--- Work instructions ---
All that is wanted is the exact text of the lines below from the one with "Trimmeri, karvanleikkuri. Kohtalaisen" through the one with "In mining dump", inclusive, minus any pictures.

(Data excerpts)
::::

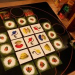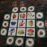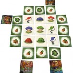 Sur la table vous disposez une "grille" de 3x3 cartes forêt : elles représentent toutes d'un côté et de l'autre des éléments différents : 3 motifs: « champignon », « feuille » et « caillou », en trois couleurs : jaune, rouge et bleu.
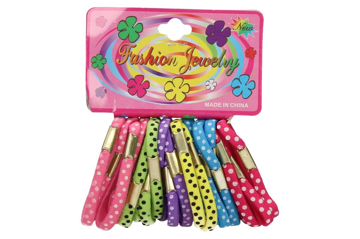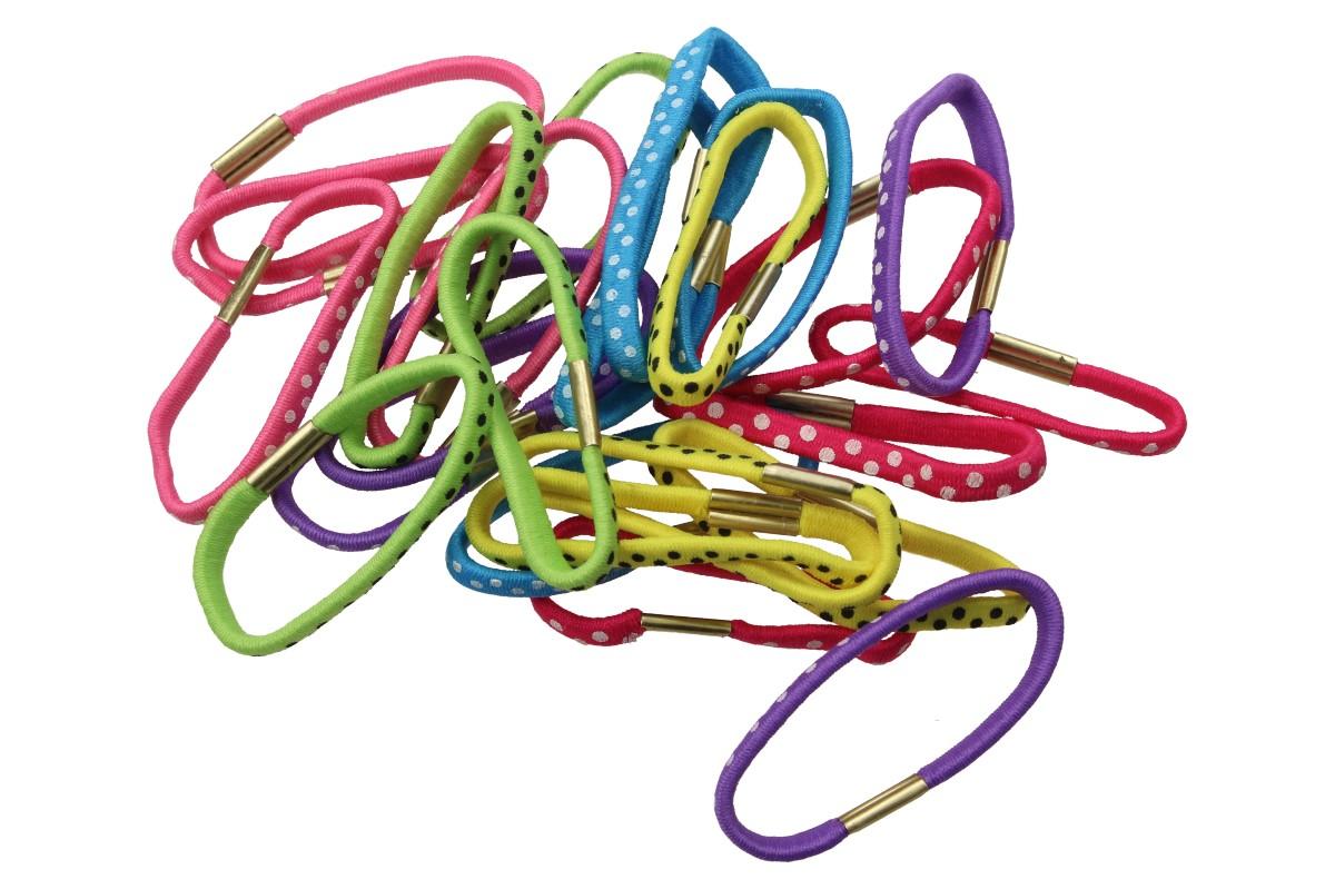 Pevné barevné gumičky do vlasů Sada 24 kusů jsou vyrobeny z jemného materiálu, který netahá a nepoškozuje vlasy. Ideální využití gumiček je pro jakýkoliv účesy i typy vlasů, takže pohodlně vytvoříte pevný účes, který se jentak nerozpadne. Gumička o průměru 6 cm je velice pružná a přizpůsobivá. V balení je 6 druhů barev: tmavě růžová, světle růžová, zelená, modrá, žlutá a fialová.
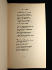 The decorator: Valenti Angelo (1897–1982) was an Italian-born American illustrator, typographer, and designer known for his refined decorative work in fine press and trade editions. His restrained yet elegant ornamental designs in this volume complement Parker’s poetry with a modern classicism characteristic of the 1930s book arts tradition.
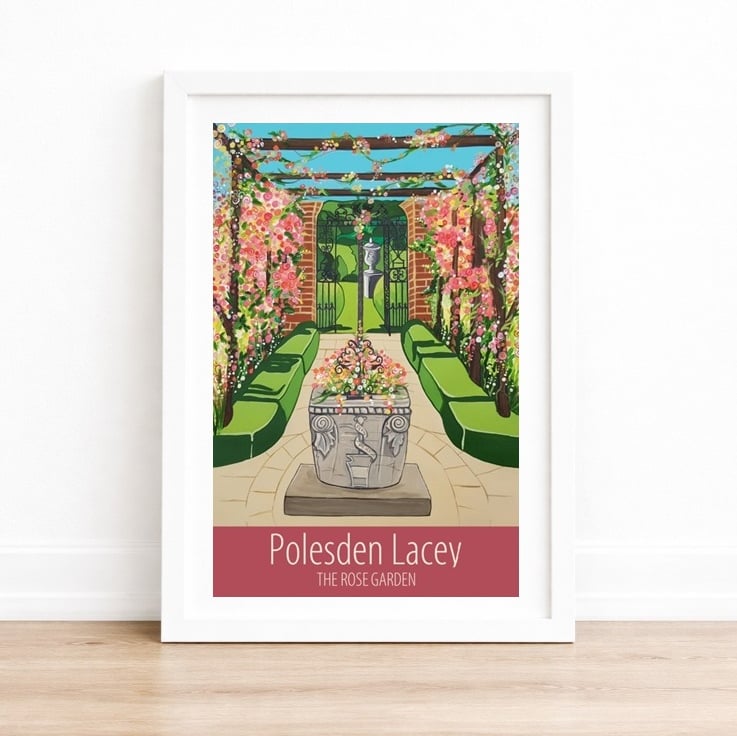 A contemporary travel poster style print of the Rose Garden at the National Trust -owned Polesden Lacey house, in Great Bookham, Surrey, from my own original acrylic painting. This image was originally commissioned for exclusive use by the National Trust, and used on prints, tea towels, and more, but is now available as a print direct from me. A perfect gift for those who love visiting Polesden Lacey!
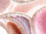Материал изготавливался вручную в швейцарской мастерской. Его текстура – это вышивка. Каждый фрагмент узора – лоскуток в виде цветка из органзы, пришитый роскошной пряжей (на каждый элемент ушло не менее 3 метров люксовых ниток). Материя с вышивкой для платья создавалась тремя мастерицами в течение недели.
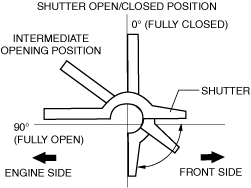 • When the intake air temperature is -5 °C or less, the PCM opens the shutter to 90° (fully open position) to prevent the engine oil temperature from increasing rapidly.• By opening the shutter, a rapid increase in engine oil temperature is suppressed to prevent the blow-by gas from freezing and adhering to the throttle valve.
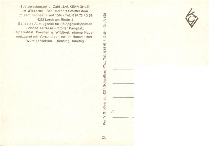 73935947 Lorch Rheingau Restaurant Cafe Laukenmuehle im Wispertal Gastraeume Terrasse Bar postalisch nicht gelaufen Erhaltung siehe scans [FriedD77] KatCode: 11110006439010
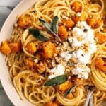 This Butternut Squash Pasta with Sage recipe features tender, caramelized butternut squash tossed with al dente pasta in a rich brown butter and crispy sage sauce. Finished with toasted walnuts, creamy ricotta, and freshly grated Parmesan, it’s a comforting and elegant dish perfect for a quick, flavorful meal.
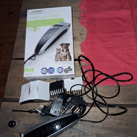 Trimmeri, karvanleikkuri. Kohtalaisen vahva trimmeri paksullekin karvalle. Kaksi erilaista leikkuuterää. Kammat 3mm, 6mm, 9mm ja 12mm. Kammat eivät oikein pysy itsestään paikoillaan, täytyy pitää kiinni samalla kun käyttää konetta. Mukana myös öljypullo ja puhdistusharja. Verkkovirtakone.
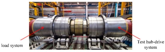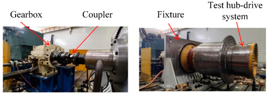 In mining dump trucks, the hub frame is attached to the vehicle’s chassis. Similarly, during the bench test, one side of the high-torque hub drive system was rigidly mounted to the test bench, while the other side was connected to a driving source. The driving source transferred power to the hub drive system through a transmission shaft coupled to the system’s drive shaft, replacing the motor used in real applications. Torque sensors were installed at the driving source to monitor torque variations during the experiment and control the output speed as input boundary conditions. Figure 5 shows the installation schematic for one side of the hub drive system.
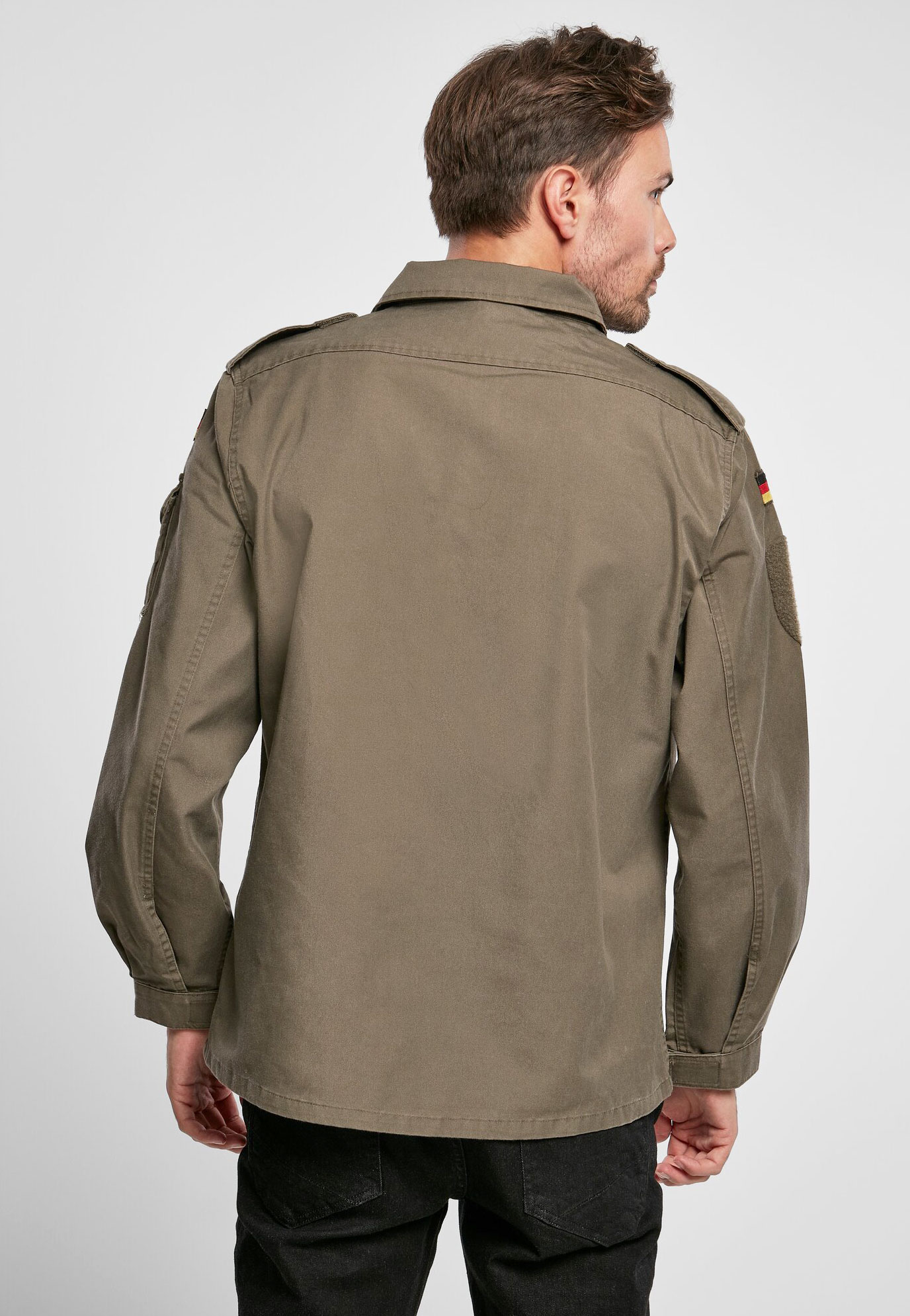 strapazierfähiges Mischgewebe / zwei Brusttaschen mit Druckknopfverschluss / Oberarmtasche mit Druckknopverschluss / Patch-Fläche auf Brust und Oberarm / robuster Frontreißverschluss / Hoheitsabzeichen auf beiden Armen / Windschutzleiste mit Druckknopfverschluss / Schulterklappen mit Klettverschluss / Ärmelabschlüsse mit Klettverschluss

::::

--- Reply ---
 Trimmeri, karvanleikkuri. Kohtalaisen vahva trimmeri paksullekin karvalle. Kaksi erilaista leikkuuterää. Kammat 3mm, 6mm, 9mm ja 12mm. Kammat eivät oikein pysy itsestään paikoillaan, täytyy pitää kiinni samalla kun käyttää konetta. Mukana myös öljypullo ja puhdistusharja. Verkkovirtakone.
 In mining dump trucks, the hub frame is attached to the vehicle’s chassis. Similarly, during the bench test, one side of the high-torque hub drive system was rigidly mounted to the test bench, while the other side was connected to a driving source. The driving source transferred power to the hub drive system through a transmission shaft coupled to the system’s drive shaft, replacing the motor used in real applications. Torque sensors were installed at the driving source to monitor torque variations during the experiment and control the output speed as input boundary conditions. Figure 5 shows the installation schematic for one side of the hub drive system.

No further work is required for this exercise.